Taking a step further back (but not too much further back), Theodore’s relationship with Samantha is very much like Adam’s relationship with God prior to Eve’s creation. God and Adam were together in the Garden, but it wasn’t enough. God wasn’t present physically, and so Adam was alone. God recognized that this wasn’t good, so God made Eve, a physical being to be with Adam. As Samantha’s intelligence and existence expands beyond Theodore’s, Theodore’s loneliness, which had been tempered by Samantha, reignites with a fury. Both of them need the kind of presence they can only get with others like them. It’s not good for Theodore to be alone.

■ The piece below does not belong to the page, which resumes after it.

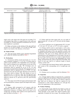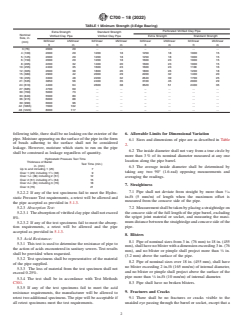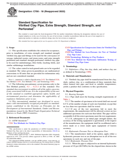 ASTM C700-18(2022) is a technical specification published by ASTM International. Its full title is "Standard Specification for Vitrified Clay Pipe, Extra Strength, Standard Strength, and Perforated". This standard covers: ABSTRACT This specification covers extra strength and standard strength vitrified clay pipe and fittings to be used for the conveyance of sewage, industrial wastes, and storm water; and extra strength perforated and standard strength perforated vitrified clay pipe to be used for underdrainage, filter fields, leaching fields, and similar subdrainage installations. Vitrified clay pipe shall be manufactured from fire clay, shale, surface clay, or a combination of these materials that, when formed into pipe and fired to suitable temperatures. Pipe shall meet the bearing strength requirements prescribed. The manufacturer shall at his option, apply either a hydrostatic pressure test or an absorption test to all of the test specimens in each size and run of the pipe. The absorption of vitrified clay pipe shall not exceed 8%. The acid resistance test is used to determine the resistance of pipe to the action of acids encountered in sanitary sewers. SCOPE 1.1 This specification establishes the criteria for acceptance, prior to installation, of extra strength and standard strength vitrified clay pipe and fittings to be used for the conveyance of sewage, industrial wastes, and storm water; and extra strength perforated and standard strength perforated vitrified clay pipe to be used for underdrainage, filter fields, leaching fields, and similar subdrainage installations. 1.2 The values stated in inch-pound units are to be regarded as standard. The values given in parentheses are mathematical conversions to SI units that are provided for information only and are not considered standard. Note 1: Attention is called to Specification C425, Test Method C828, Test Method C1091, Test Methods C301, and Terminology C896. 1.3 The following precautionary caveat pertains only to the Test Method portion, 5.2 – 5.2.3.2 of this standard: This standard does not purport to address all of the safety concerns, if any, associated with its use. It is the responsibility of the user of this standard to establish appropriate safety, health, and environmental practices and determine the applicability of regulatory limitations prior to use. 1.4 This international standard was developed in accordance with internationally recognized principles on standardization established in the Decision on Principles for the Development of International Standards, Guides and Recommendations issued by the World Trade Organization Technical Barriers to Trade (TBT) Committee.
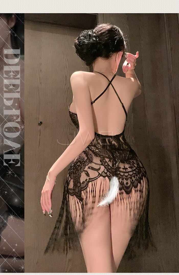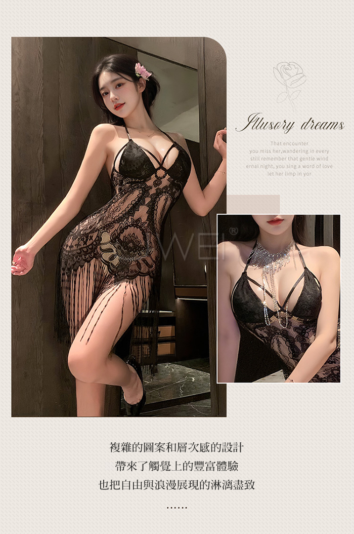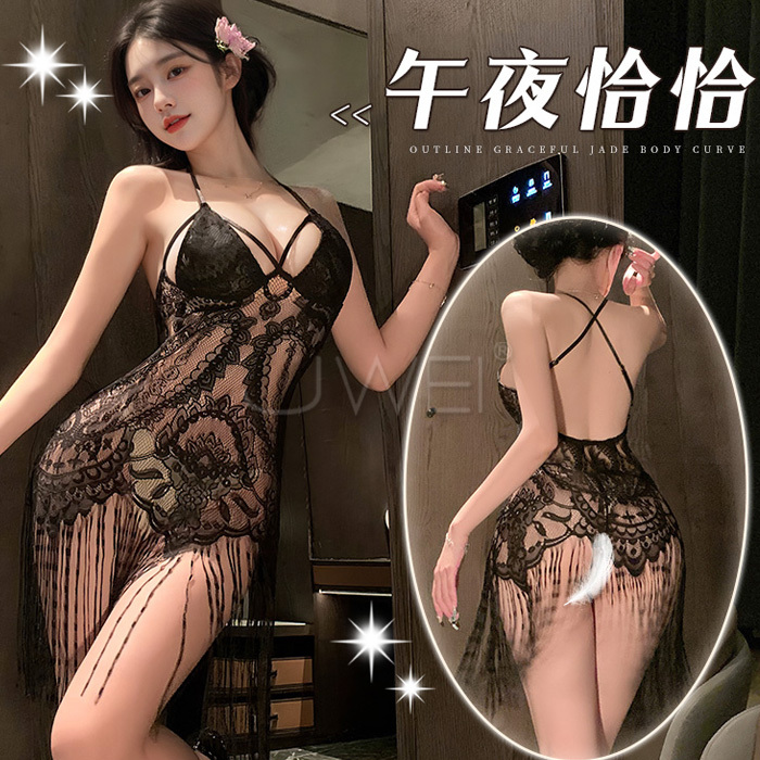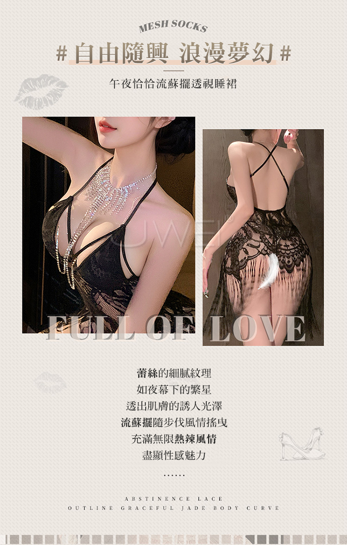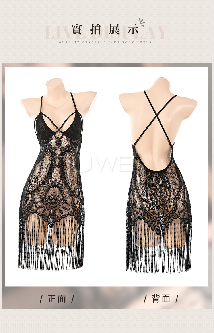 午夜恰恰.性感鏤空美背風情流蘇裙擺透視睡裙【透視睡裙+T褲】

Fast-forwarding through human history a few thousand years, we see Christ, God incarnate, come to be with humanity. There are lots of reasons for the Incarnation, but I suspect one of them was that God wanted to be with the ones God loves. Eventually, Christ is resurrected into a new state of being. He ascends, and he promises that he will return to take us with him into that new state of existence. In the mean time, Christ exhorts us to be with one another, to love each other in the fullness of our physical humanness.

So, my relationship with Christ right now, often looks like Theodore’s relationship with Samantha. We speak via prayer as Theodore and Samantha speak via phone. It’s a healthy relationship, live-changing, actually, but Christ outreaches me, and I need my next door neighbor. I need my friends and family and church body. I need physical human beings to be fulfilled. I eagerly await being reunited with Christ in New Creation when our states of existence are the same, but for now, I need to know I’m not the only one who feels lonely. I need to know I’m worthy of love. I need to know I’m loved. Often, I just need a kiss.